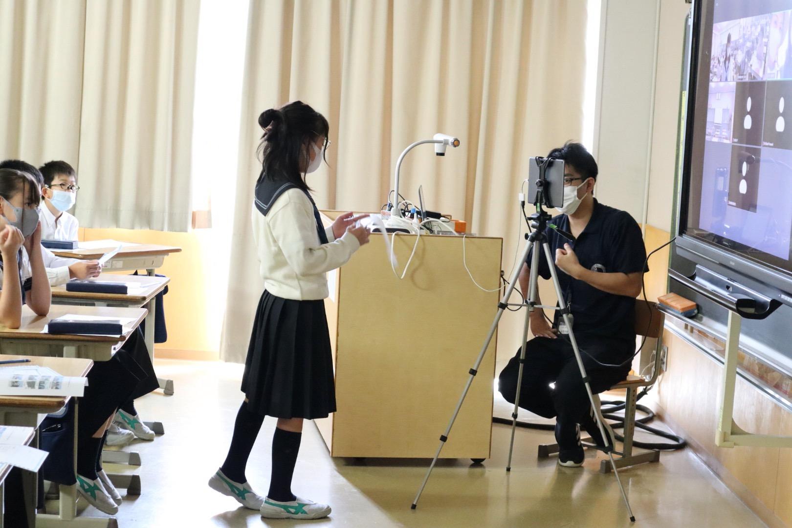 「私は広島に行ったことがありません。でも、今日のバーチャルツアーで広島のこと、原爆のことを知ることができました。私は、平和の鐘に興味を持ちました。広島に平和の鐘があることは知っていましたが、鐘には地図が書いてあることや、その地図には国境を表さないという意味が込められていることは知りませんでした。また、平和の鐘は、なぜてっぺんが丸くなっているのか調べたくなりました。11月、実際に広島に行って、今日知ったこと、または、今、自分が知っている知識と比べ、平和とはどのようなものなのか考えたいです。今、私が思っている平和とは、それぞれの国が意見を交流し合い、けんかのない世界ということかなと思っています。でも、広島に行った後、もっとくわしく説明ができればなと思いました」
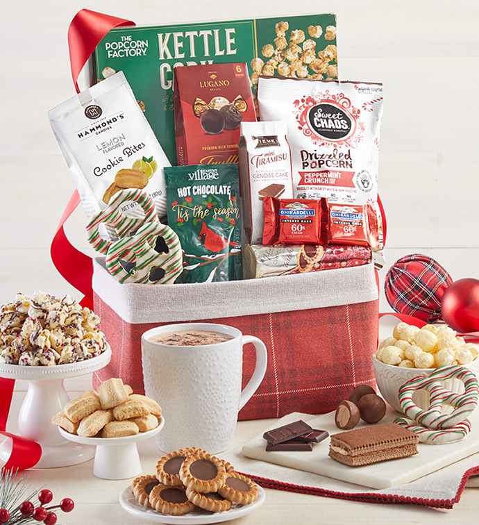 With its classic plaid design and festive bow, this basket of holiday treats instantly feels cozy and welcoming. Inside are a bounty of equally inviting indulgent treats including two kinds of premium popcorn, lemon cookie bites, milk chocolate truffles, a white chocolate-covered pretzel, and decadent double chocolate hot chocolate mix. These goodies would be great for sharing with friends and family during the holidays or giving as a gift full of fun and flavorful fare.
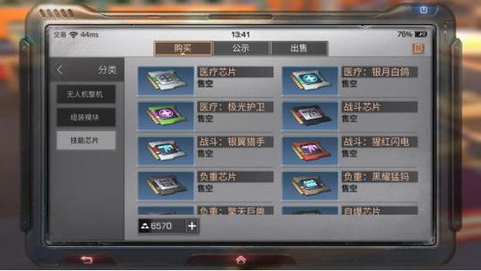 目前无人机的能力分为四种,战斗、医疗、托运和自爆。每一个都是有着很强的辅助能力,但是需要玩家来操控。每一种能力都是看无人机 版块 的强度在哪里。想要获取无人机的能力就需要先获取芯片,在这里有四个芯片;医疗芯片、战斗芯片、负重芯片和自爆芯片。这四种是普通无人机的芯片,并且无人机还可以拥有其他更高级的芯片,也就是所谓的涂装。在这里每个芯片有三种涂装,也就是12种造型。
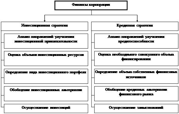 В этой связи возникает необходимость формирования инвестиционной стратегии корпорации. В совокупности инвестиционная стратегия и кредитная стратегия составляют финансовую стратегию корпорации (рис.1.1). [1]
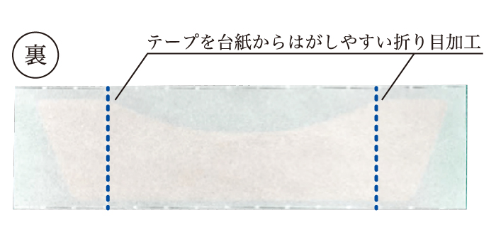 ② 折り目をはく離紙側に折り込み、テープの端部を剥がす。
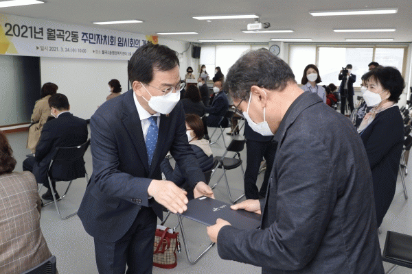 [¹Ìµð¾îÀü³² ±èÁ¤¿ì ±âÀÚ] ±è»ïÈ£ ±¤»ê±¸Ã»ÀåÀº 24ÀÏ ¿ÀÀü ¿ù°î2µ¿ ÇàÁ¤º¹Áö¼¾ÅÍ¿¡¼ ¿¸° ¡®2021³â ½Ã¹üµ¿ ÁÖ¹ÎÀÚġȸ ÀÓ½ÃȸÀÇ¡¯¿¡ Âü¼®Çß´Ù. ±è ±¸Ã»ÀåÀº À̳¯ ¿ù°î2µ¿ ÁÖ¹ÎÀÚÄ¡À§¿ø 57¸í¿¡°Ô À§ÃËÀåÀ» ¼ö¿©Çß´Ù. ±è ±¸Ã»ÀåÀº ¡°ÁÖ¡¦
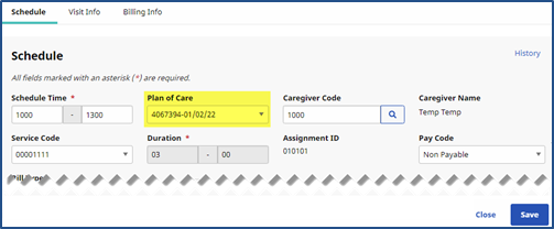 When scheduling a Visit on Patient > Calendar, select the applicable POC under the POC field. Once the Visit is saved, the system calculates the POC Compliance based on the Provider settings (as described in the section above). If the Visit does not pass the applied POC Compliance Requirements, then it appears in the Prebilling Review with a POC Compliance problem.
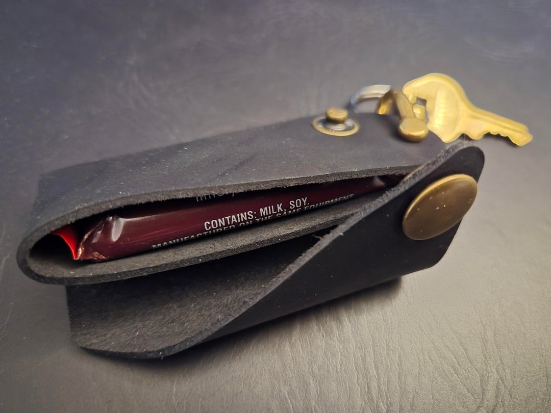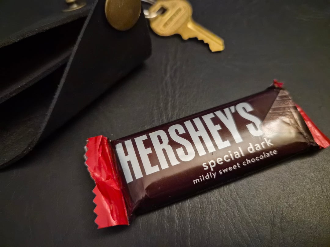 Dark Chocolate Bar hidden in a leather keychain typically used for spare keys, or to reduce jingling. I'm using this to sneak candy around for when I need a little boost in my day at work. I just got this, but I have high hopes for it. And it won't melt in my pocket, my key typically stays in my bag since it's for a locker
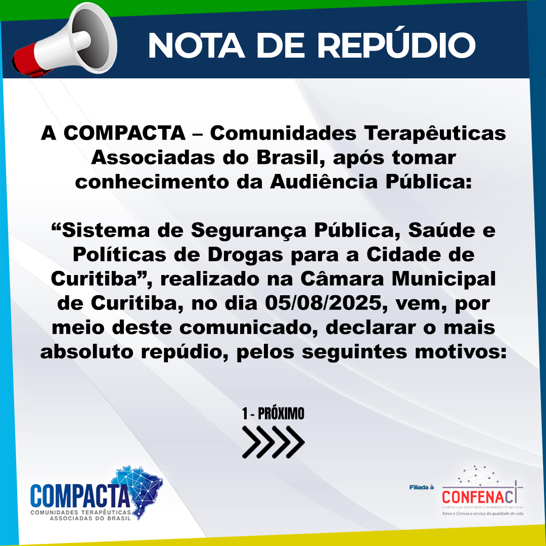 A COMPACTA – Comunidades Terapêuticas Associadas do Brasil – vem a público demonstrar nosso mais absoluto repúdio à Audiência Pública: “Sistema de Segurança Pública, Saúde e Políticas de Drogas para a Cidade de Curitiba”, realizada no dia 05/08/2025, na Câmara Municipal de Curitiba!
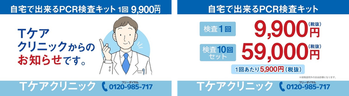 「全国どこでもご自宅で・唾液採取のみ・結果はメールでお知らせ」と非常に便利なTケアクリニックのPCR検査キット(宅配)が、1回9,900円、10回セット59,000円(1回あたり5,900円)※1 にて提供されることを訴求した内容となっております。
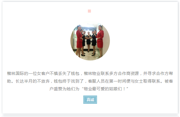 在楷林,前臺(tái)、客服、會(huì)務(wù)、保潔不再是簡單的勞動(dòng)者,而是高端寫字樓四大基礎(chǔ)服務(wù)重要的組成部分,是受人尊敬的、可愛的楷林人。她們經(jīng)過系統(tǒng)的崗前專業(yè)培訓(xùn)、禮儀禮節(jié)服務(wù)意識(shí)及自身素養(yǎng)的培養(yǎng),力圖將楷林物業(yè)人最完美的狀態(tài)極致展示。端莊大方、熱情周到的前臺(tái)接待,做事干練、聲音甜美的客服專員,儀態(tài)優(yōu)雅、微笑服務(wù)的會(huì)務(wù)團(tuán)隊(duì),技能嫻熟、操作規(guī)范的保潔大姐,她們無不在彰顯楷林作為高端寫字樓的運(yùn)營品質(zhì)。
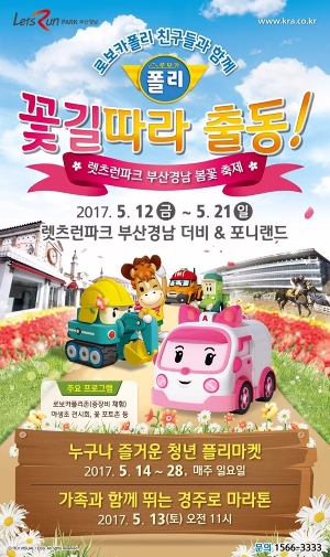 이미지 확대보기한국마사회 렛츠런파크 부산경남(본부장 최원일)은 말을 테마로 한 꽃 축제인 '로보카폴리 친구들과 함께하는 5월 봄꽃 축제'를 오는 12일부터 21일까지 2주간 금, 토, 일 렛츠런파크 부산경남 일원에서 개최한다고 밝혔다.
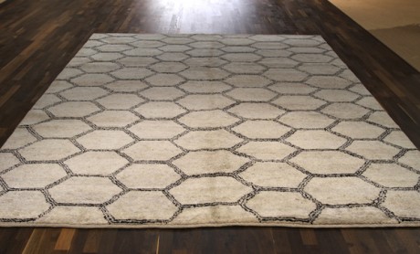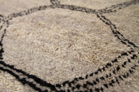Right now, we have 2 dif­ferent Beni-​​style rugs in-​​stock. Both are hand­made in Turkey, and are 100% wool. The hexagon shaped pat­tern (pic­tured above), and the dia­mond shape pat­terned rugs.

⁂

▶ WHAT THE EXERCISE ASKS: Repeat verbatim all the material, but not the pictures.

▶ RESULT OF THIS TASK:
 「私は広島に行ったことがありません。でも、今日のバーチャルツアーで広島のこと、原爆のことを知ることができました。私は、平和の鐘に興味を持ちました。広島に平和の鐘があることは知っていましたが、鐘には地図が書いてあることや、その地図には国境を表さないという意味が込められていることは知りませんでした。また、平和の鐘は、なぜてっぺんが丸くなっているのか調べたくなりました。11月、実際に広島に行って、今日知ったこと、または、今、自分が知っている知識と比べ、平和とはどのようなものなのか考えたいです。今、私が思っている平和とは、それぞれの国が意見を交流し合い、けんかのない世界ということかなと思っています。でも、広島に行った後、もっとくわしく説明ができればなと思いました」
 With its classic plaid design and festive bow, this basket of holiday treats instantly feels cozy and welcoming. Inside are a bounty of equally inviting indulgent treats including two kinds of premium popcorn, lemon cookie bites, milk chocolate truffles, a white chocolate-covered pretzel, and decadent double chocolate hot chocolate mix. These goodies would be great for sharing with friends and family during the holidays or giving as a gift full of fun and flavorful fare.
 目前无人机的能力分为四种,战斗、医疗、托运和自爆。每一个都是有着很强的辅助能力,但是需要玩家来操控。每一种能力都是看无人机 版块 的强度在哪里。想要获取无人机的能力就需要先获取芯片,在这里有四个芯片;医疗芯片、战斗芯片、负重芯片和自爆芯片。这四种是普通无人机的芯片,并且无人机还可以拥有其他更高级的芯片,也就是所谓的涂装。在这里每个芯片有三种涂装,也就是12种造型。
 В этой связи возникает необходимость формирования инвестиционной стратегии корпорации. В совокупности инвестиционная стратегия и кредитная стратегия составляют финансовую стратегию корпорации (рис.1.1). [1]
 ② 折り目をはく離紙側に折り込み、テープの端部を剥がす。
 [¹Ìµð¾îÀü³² ±èÁ¤¿ì ±âÀÚ] ±è»ïÈ£ ±¤»ê±¸Ã»ÀåÀº 24ÀÏ ¿ÀÀü ¿ù°î2µ¿ ÇàÁ¤º¹Áö¼¾ÅÍ¿¡¼ ¿¸° ¡®2021³â ½Ã¹üµ¿ ÁÖ¹ÎÀÚġȸ ÀÓ½ÃȸÀÇ¡¯¿¡ Âü¼®Çß´Ù. ±è ±¸Ã»ÀåÀº À̳¯ ¿ù°î2µ¿ ÁÖ¹ÎÀÚÄ¡À§¿ø 57¸í¿¡°Ô À§ÃËÀåÀ» ¼ö¿©Çß´Ù. ±è ±¸Ã»ÀåÀº ¡°ÁÖ¡¦
 When scheduling a Visit on Patient > Calendar, select the applicable POC under the POC field. Once the Visit is saved, the system calculates the POC Compliance based on the Provider settings (as described in the section above). If the Visit does not pass the applied POC Compliance Requirements, then it appears in the Prebilling Review with a POC Compliance problem.
 Dark Chocolate Bar hidden in a leather keychain typically used for spare keys, or to reduce jingling. I'm using this to sneak candy around for when I need a little boost in my day at work. I just got this, but I have high hopes for it. And it won't melt in my pocket, my key typically stays in my bag since it's for a locker
 A COMPACTA – Comunidades Terapêuticas Associadas do Brasil – vem a público demonstrar nosso mais absoluto repúdio à Audiência Pública: “Sistema de Segurança Pública, Saúde e Políticas de Drogas para a Cidade de Curitiba”, realizada no dia 05/08/2025, na Câmara Municipal de Curitiba!
 「全国どこでもご自宅で・唾液採取のみ・結果はメールでお知らせ」と非常に便利なTケアクリニックのPCR検査キット(宅配)が、1回9,900円、10回セット59,000円(1回あたり5,900円)※1 にて提供されることを訴求した内容となっております。
 在楷林,前臺(tái)、客服、會(huì)務(wù)、保潔不再是簡單的勞動(dòng)者,而是高端寫字樓四大基礎(chǔ)服務(wù)重要的組成部分,是受人尊敬的、可愛的楷林人。她們經(jīng)過系統(tǒng)的崗前專業(yè)培訓(xùn)、禮儀禮節(jié)服務(wù)意識(shí)及自身素養(yǎng)的培養(yǎng),力圖將楷林物業(yè)人最完美的狀態(tài)極致展示。端莊大方、熱情周到的前臺(tái)接待,做事干練、聲音甜美的客服專員,儀態(tài)優(yōu)雅、微笑服務(wù)的會(huì)務(wù)團(tuán)隊(duì),技能嫻熟、操作規(guī)范的保潔大姐,她們無不在彰顯楷林作為高端寫字樓的運(yùn)營品質(zhì)。
 이미지 확대보기한국마사회 렛츠런파크 부산경남(본부장 최원일)은 말을 테마로 한 꽃 축제인 '로보카폴리 친구들과 함께하는 5월 봄꽃 축제'를 오는 12일부터 21일까지 2주간 금, 토, 일 렛츠런파크 부산경남 일원에서 개최한다고 밝혔다.
Right now, we have 2 dif­ferent Beni-​​style rugs in-​​stock. Both are hand­made in Turkey, and are 100% wool. The hexagon shaped pat­tern (pic­tured above), and the dia­mond shape pat­terned rugs.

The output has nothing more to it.